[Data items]
# # # # #

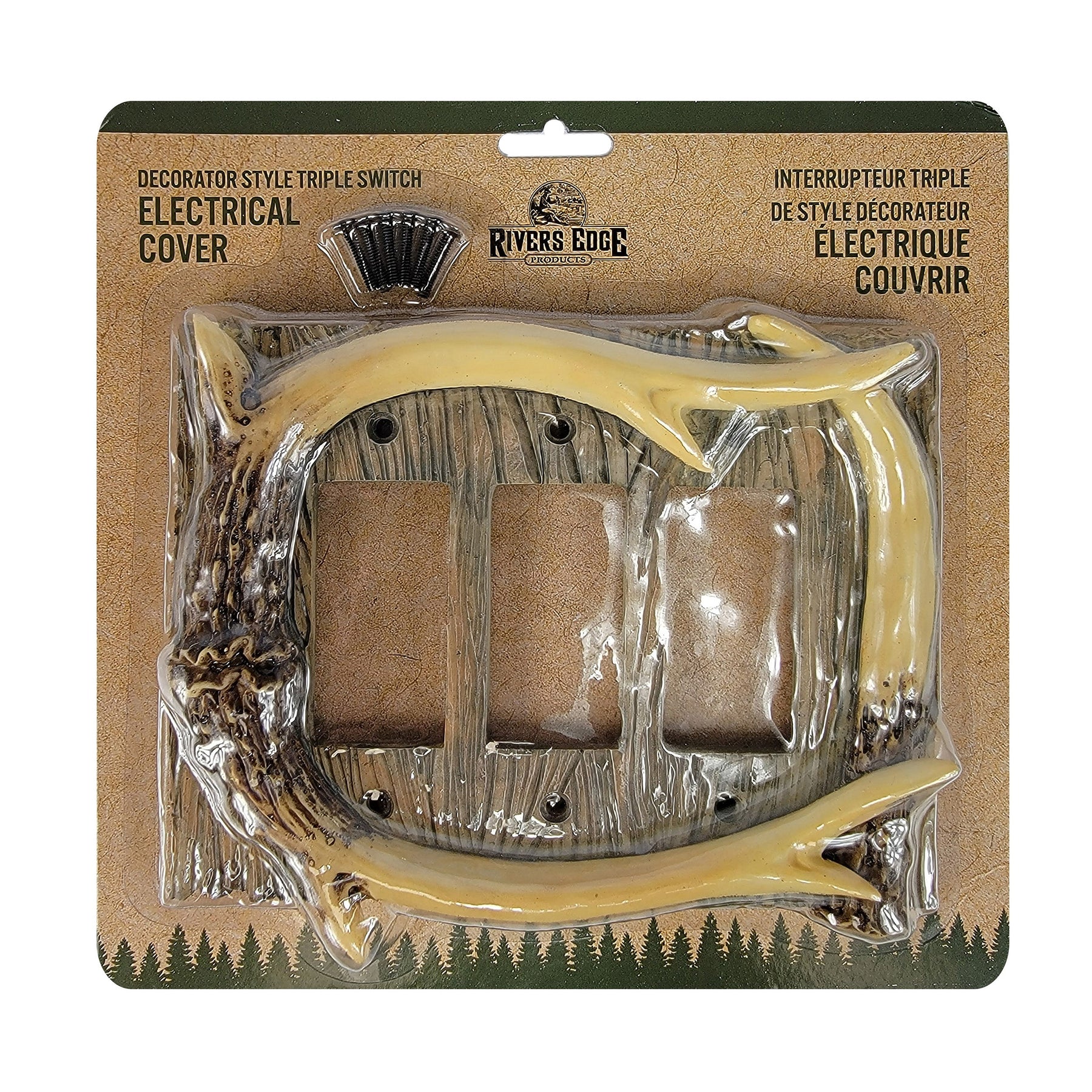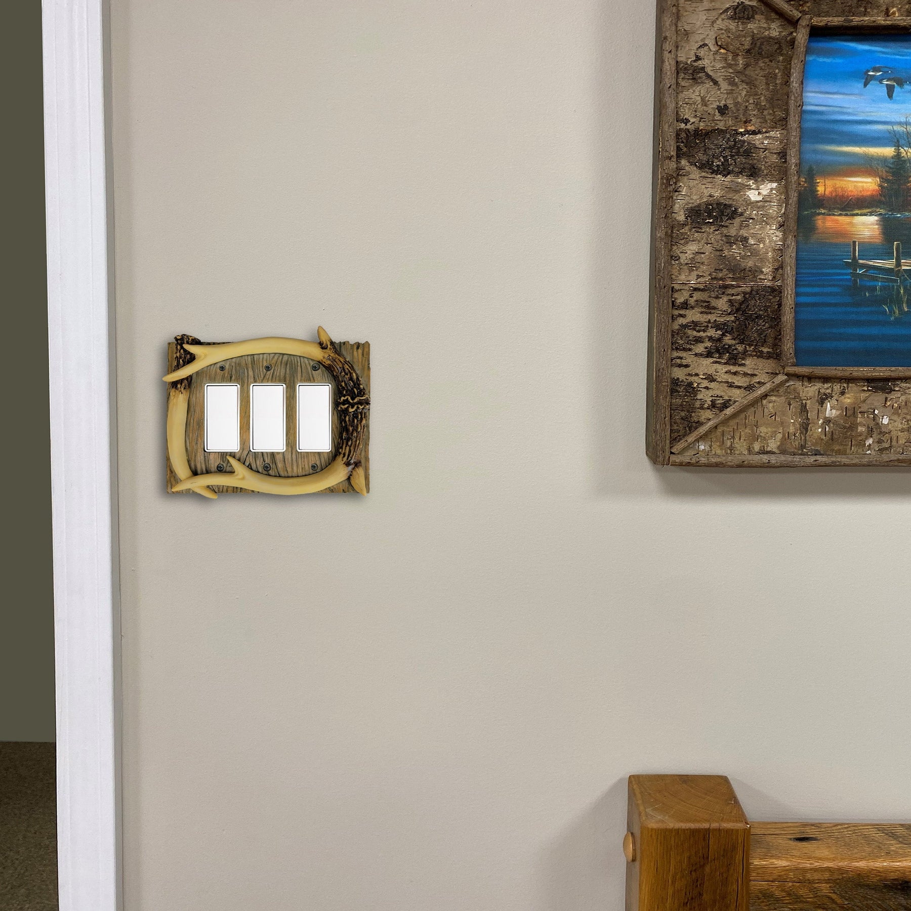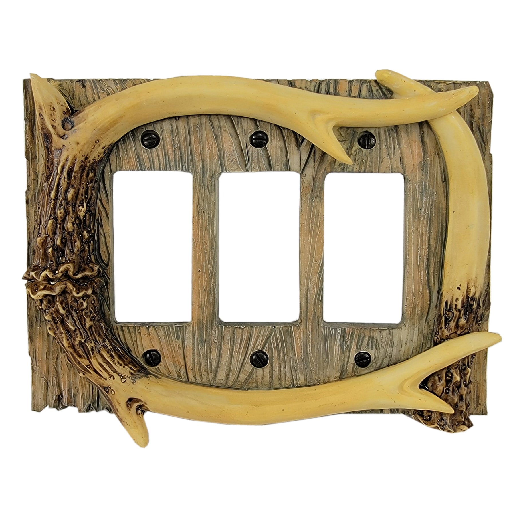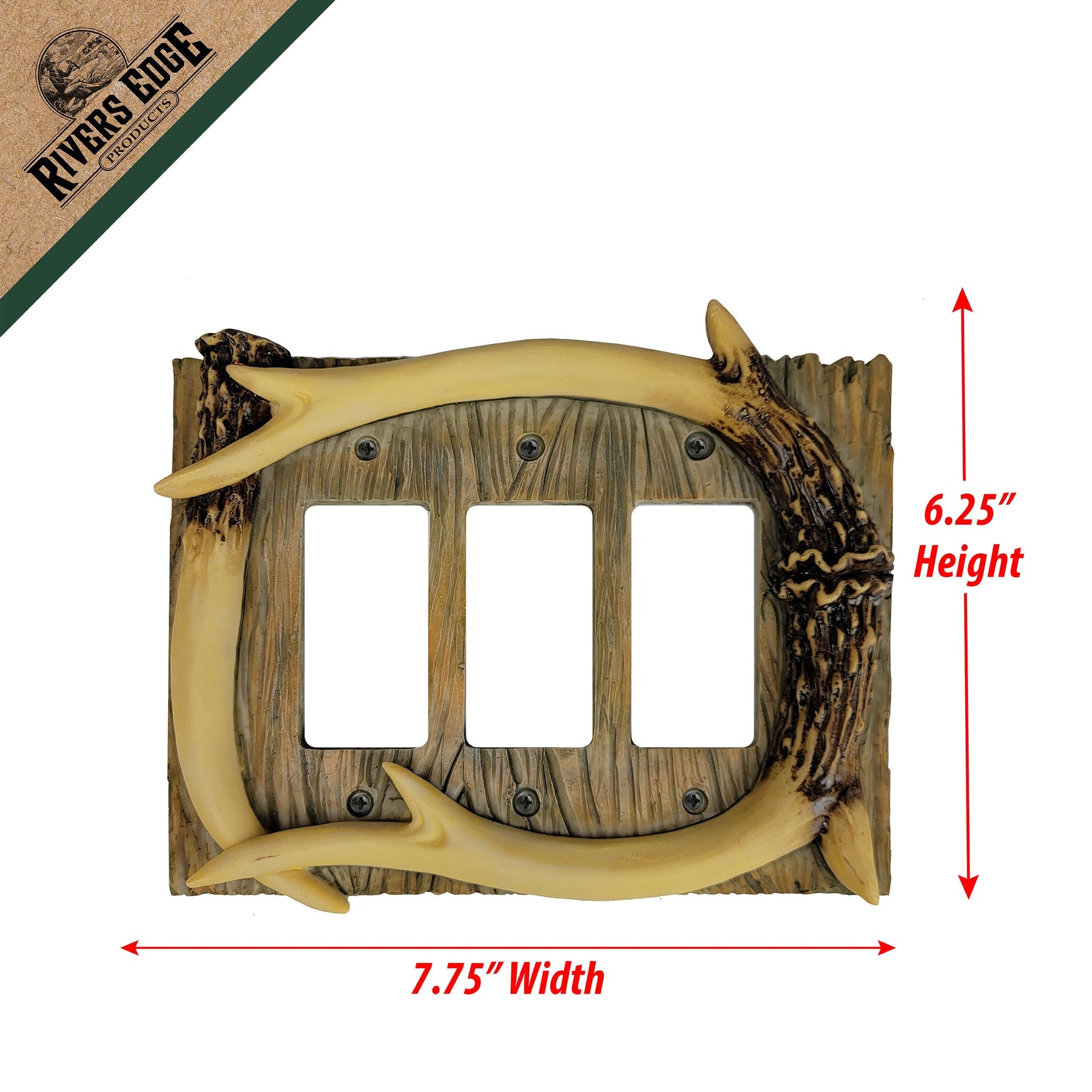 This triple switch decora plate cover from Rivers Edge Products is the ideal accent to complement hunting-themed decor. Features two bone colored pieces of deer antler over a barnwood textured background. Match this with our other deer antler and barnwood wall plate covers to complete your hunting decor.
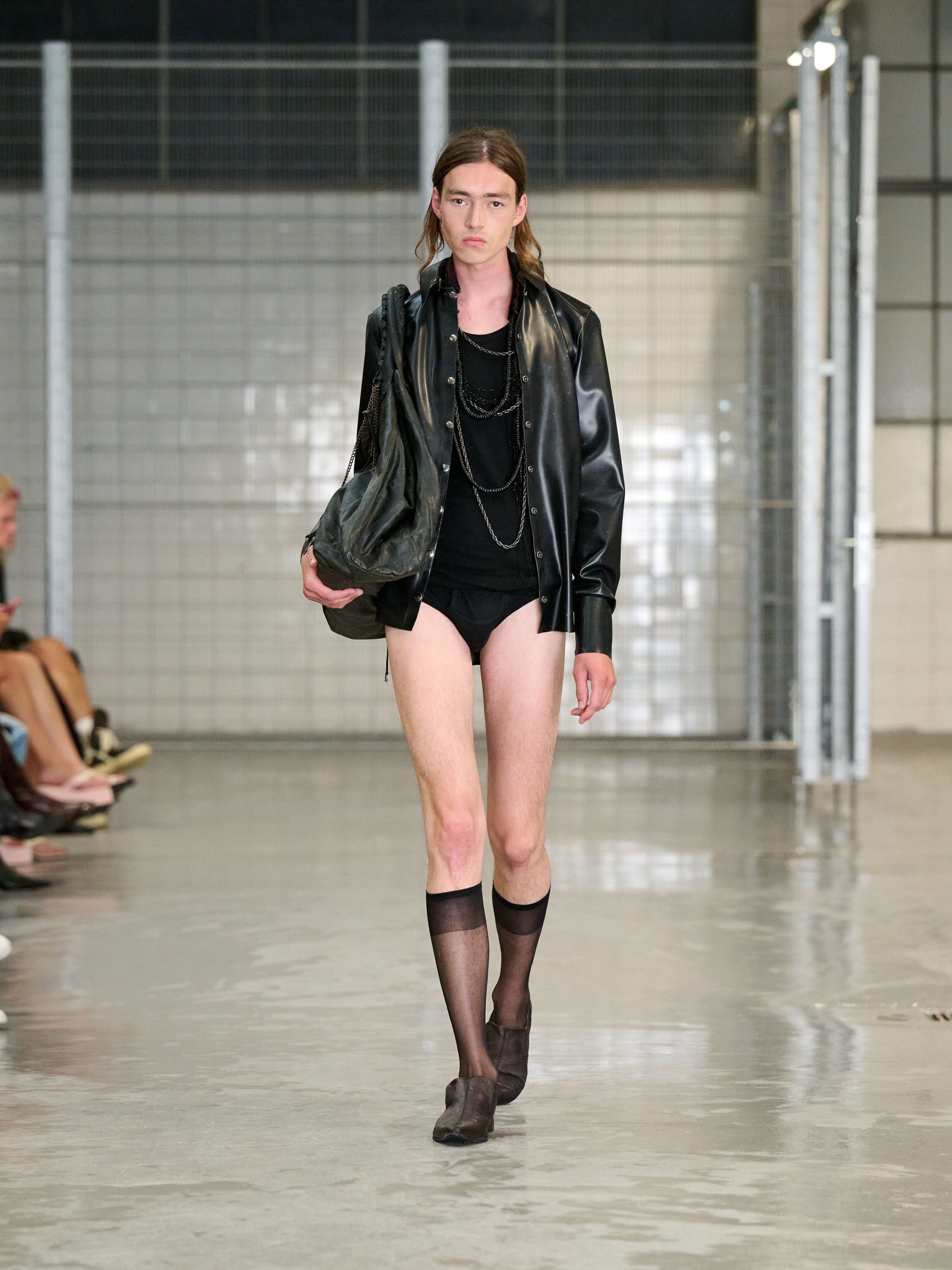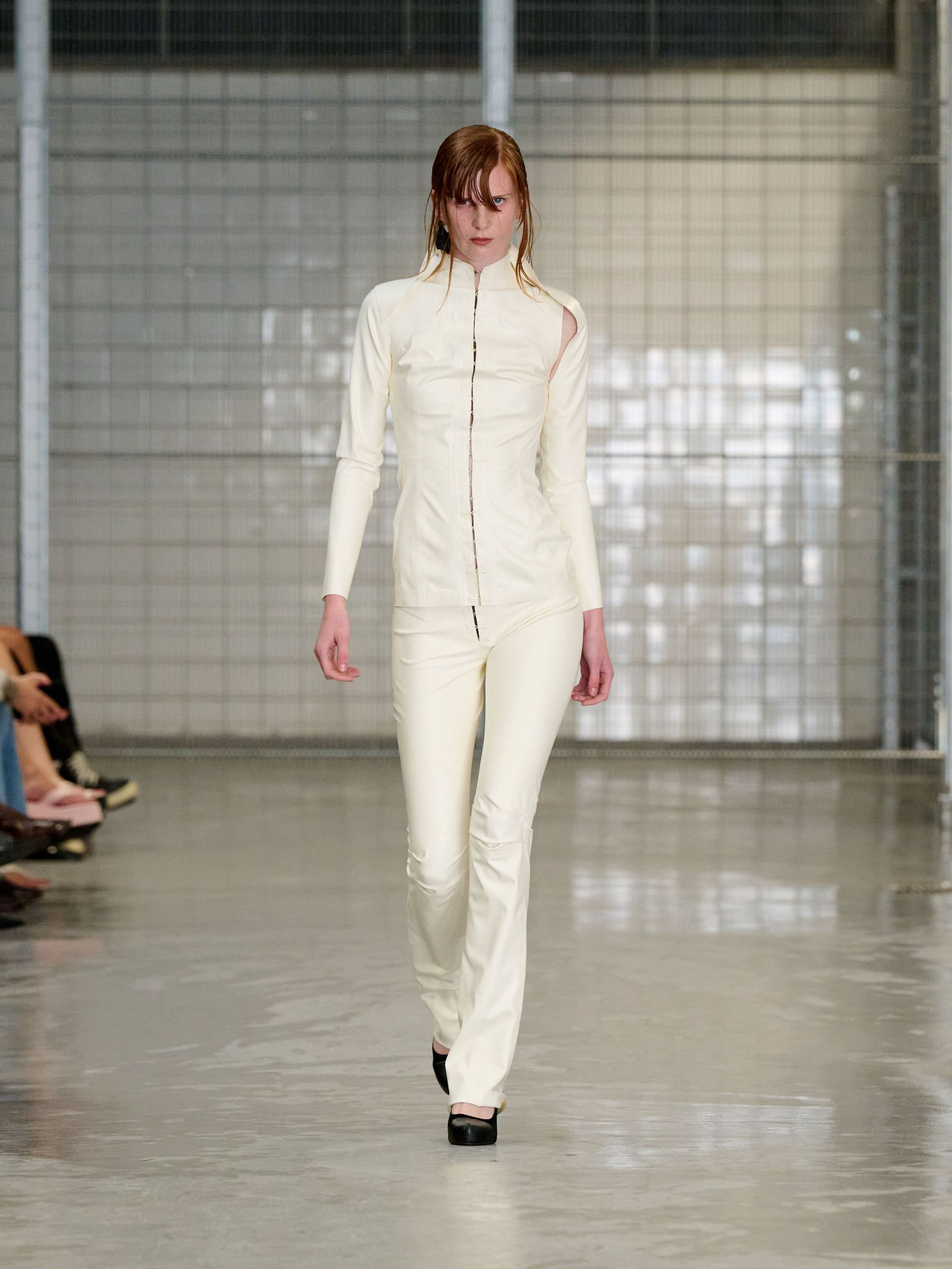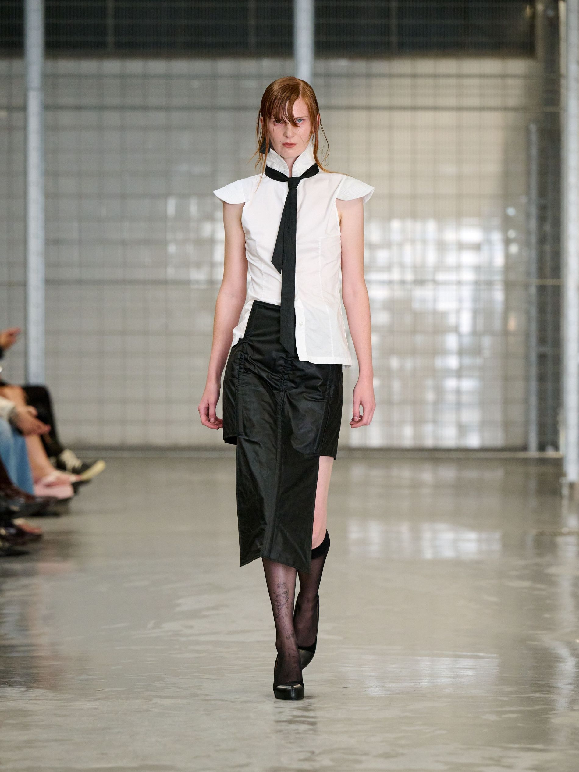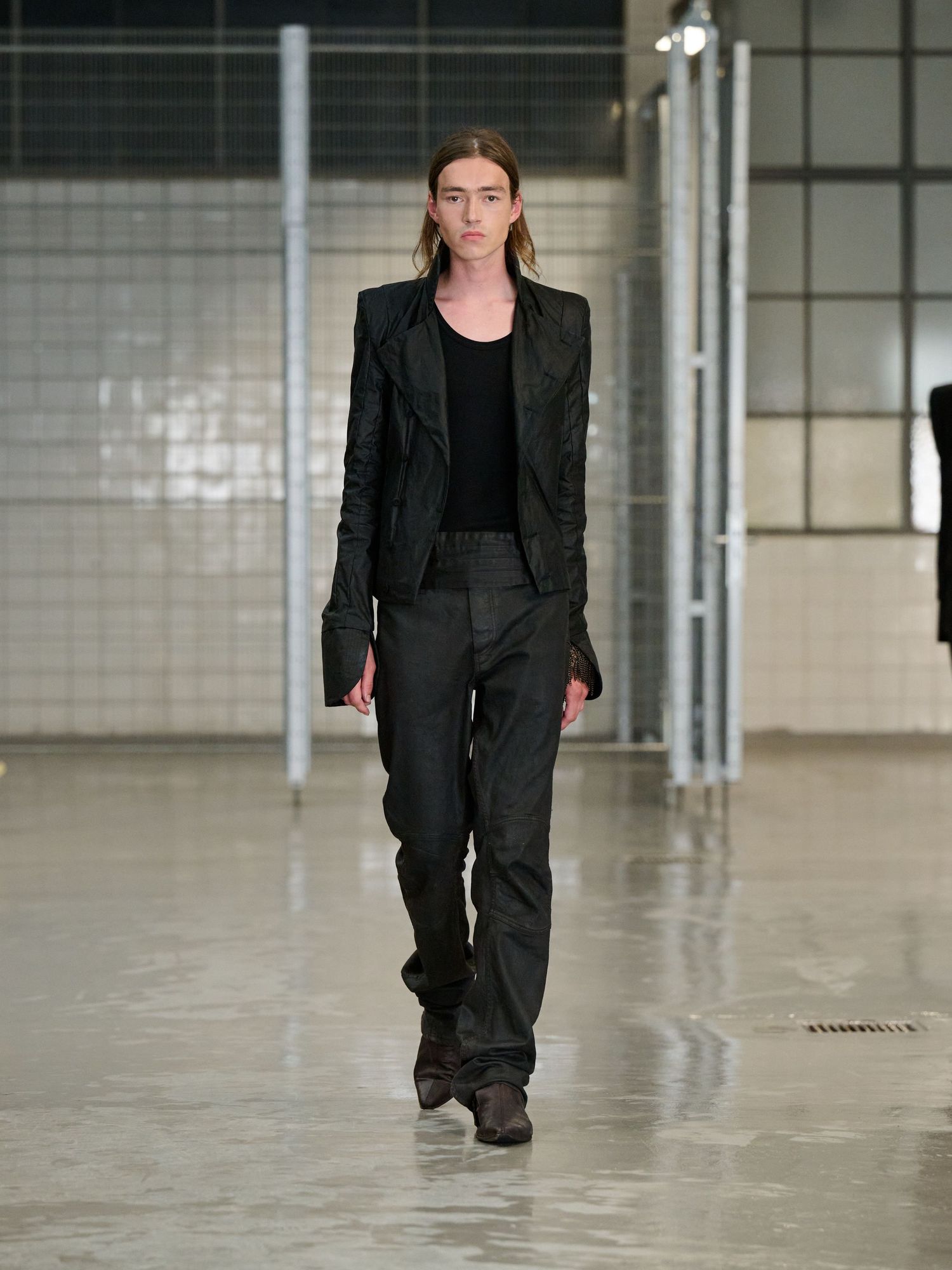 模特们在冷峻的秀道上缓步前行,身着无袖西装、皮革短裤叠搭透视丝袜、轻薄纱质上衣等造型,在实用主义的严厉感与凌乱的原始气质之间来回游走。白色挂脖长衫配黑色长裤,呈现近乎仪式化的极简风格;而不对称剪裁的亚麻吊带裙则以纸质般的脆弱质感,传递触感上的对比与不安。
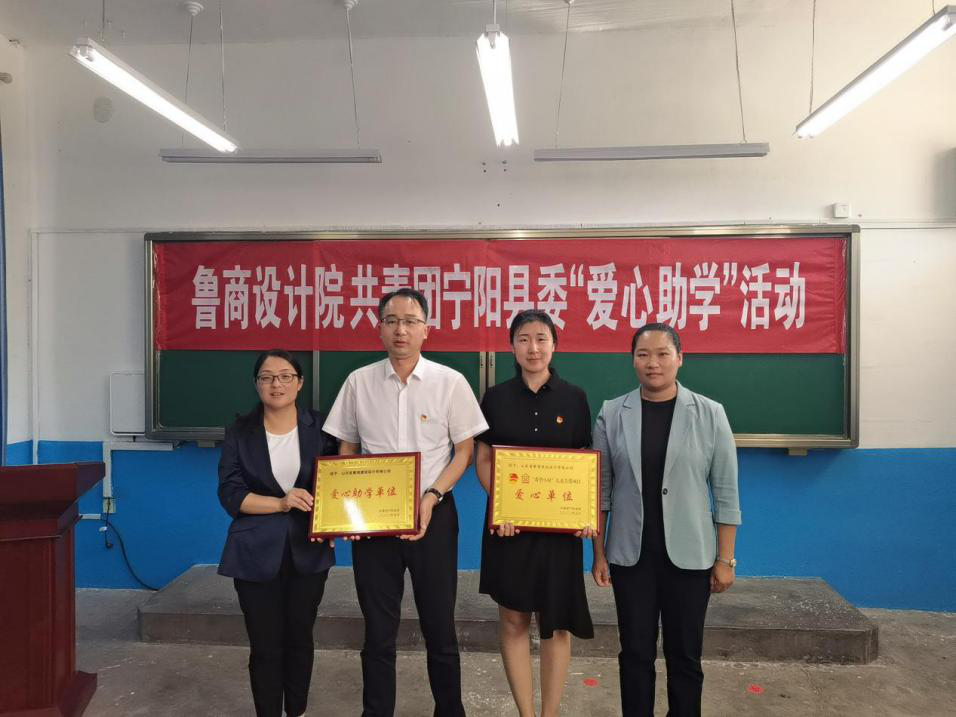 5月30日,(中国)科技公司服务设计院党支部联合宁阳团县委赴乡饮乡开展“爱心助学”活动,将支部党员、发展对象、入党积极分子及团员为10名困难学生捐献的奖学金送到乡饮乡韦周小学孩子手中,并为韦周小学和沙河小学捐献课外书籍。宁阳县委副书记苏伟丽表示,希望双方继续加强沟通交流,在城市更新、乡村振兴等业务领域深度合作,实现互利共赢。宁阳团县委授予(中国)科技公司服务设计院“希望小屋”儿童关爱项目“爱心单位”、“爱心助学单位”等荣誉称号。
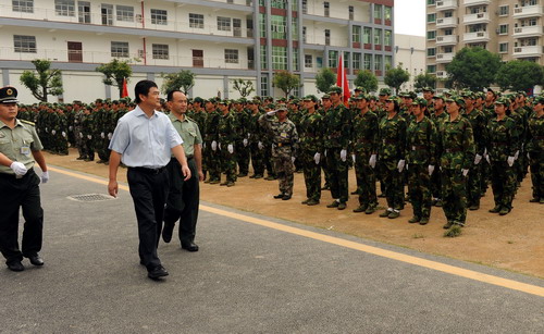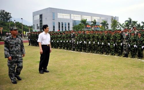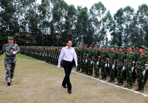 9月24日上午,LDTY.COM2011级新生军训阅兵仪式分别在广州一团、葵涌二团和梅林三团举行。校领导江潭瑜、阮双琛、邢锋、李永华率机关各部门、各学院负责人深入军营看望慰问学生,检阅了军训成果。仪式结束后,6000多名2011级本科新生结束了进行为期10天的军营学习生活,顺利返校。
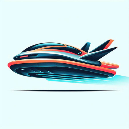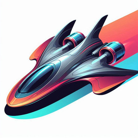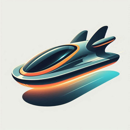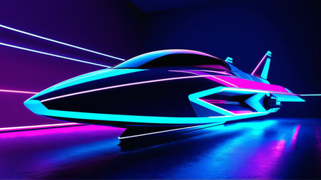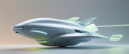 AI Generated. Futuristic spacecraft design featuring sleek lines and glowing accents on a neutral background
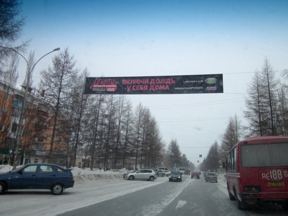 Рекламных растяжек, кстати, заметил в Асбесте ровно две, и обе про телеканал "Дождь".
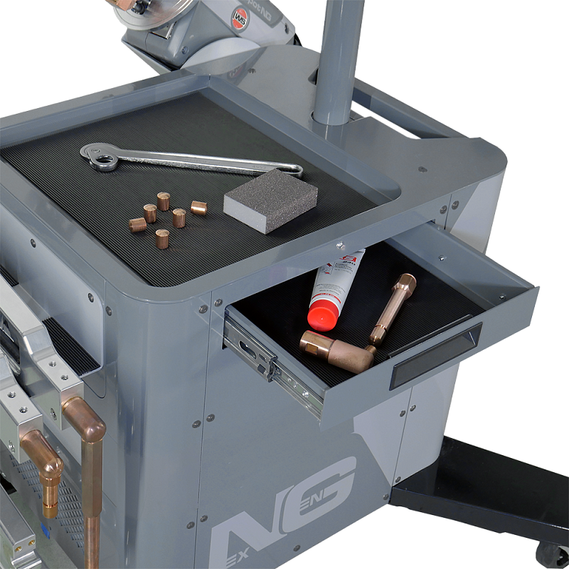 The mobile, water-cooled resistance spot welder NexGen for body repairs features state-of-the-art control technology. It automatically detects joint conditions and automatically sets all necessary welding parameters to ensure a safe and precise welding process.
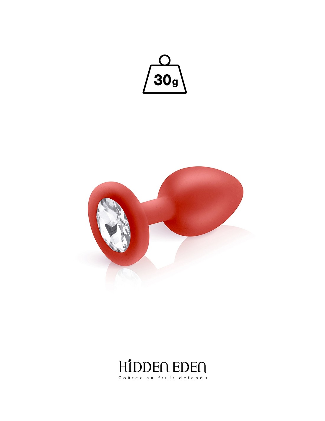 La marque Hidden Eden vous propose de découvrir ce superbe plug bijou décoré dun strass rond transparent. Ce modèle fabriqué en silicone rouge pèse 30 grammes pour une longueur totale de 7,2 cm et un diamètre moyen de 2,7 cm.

# # # # #

◆ **Your goal**
Lines from the one containing "The mobile, water-cooled" through the final line of the entries above are to be retyped exactly, with every picture left out.

◆ **Answer area**
 The mobile, water-cooled resistance spot welder NexGen for body repairs features state-of-the-art control technology. It automatically detects joint conditions and automatically sets all necessary welding parameters to ensure a safe and precise welding process.
 La marque Hidden Eden vous propose de découvrir ce superbe plug bijou décoré dun strass rond transparent. Ce modèle fabriqué en silicone rouge pèse 30 grammes pour une longueur totale de 7,2 cm et un diamètre moyen de 2,7 cm.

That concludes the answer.